Data segment:

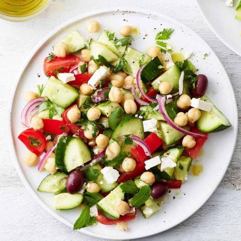 Save to Pinterest I was standing in my kitchen one August afternoon, staring at a pile of vegetables from the farmers market, when I realized I had no plan for dinner. The tomatoes were so ripe they were almost bursting, and the cucumbers felt cool in my hands. I started chopping without thinking, throwing things into a bowl, and what came together was this salad. It wasnt fancy or planned, just honest and bright, and it tasted like summer.
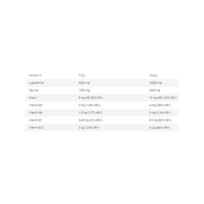 Устранить его поможет натуральная биодобавка, в составе которой глютамин органично дополнен и усилен таурином и витаминами группы В. Удобная для приготовления коктейлей порошковая форма и несколько вариантов ярких природных вкусов сделают употребление продукта комфортным и приятным.
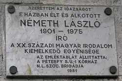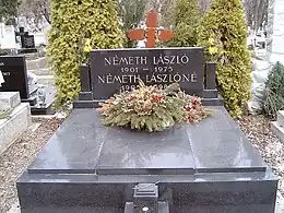 László Németh (18 April 1901 – 3 March 1975) was a Hungarian dentist, writer, dramatist and essayist. He was born in Nagybánya the son of József Németh (1873–1946) and Vilma Gaál (1879–1957). Over the Christmas of 1925, he married Ella Démusz (1905–1989), the daughter of János Démusz, a keeper of a public house. Between 1926 and 1944 they had six daughters, but two of them died in infancy. In 1959 he visited the Soviet Union. In the last part of his life he lived and worked in Tihany. He died from a stroke on 3 March 1975 in Budapest and was buried in Farkasréti Cemetery, Budapest, where he shares a grave with his wife.

Description of the task:
Return the data word for word without its pictures.

Output for this task:
 Save to Pinterest I was standing in my kitchen one August afternoon, staring at a pile of vegetables from the farmers market, when I realized I had no plan for dinner. The tomatoes were so ripe they were almost bursting, and the cucumbers felt cool in my hands. I started chopping without thinking, throwing things into a bowl, and what came together was this salad. It wasnt fancy or planned, just honest and bright, and it tasted like summer.
 Устранить его поможет натуральная биодобавка, в составе которой глютамин органично дополнен и усилен таурином и витаминами группы В. Удобная для приготовления коктейлей порошковая форма и несколько вариантов ярких природных вкусов сделают употребление продукта комфортным и приятным.
 László Németh (18 April 1901 – 3 March 1975) was a Hungarian dentist, writer, dramatist and essayist. He was born in Nagybánya the son of József Németh (1873–1946) and Vilma Gaál (1879–1957). Over the Christmas of 1925, he married Ella Démusz (1905–1989), the daughter of János Démusz, a keeper of a public house. Between 1926 and 1944 they had six daughters, but two of them died in infancy. In 1959 he visited the Soviet Union. In the last part of his life he lived and worked in Tihany. He died from a stroke on 3 March 1975 in Budapest and was buried in Farkasréti Cemetery, Budapest, where he shares a grave with his wife.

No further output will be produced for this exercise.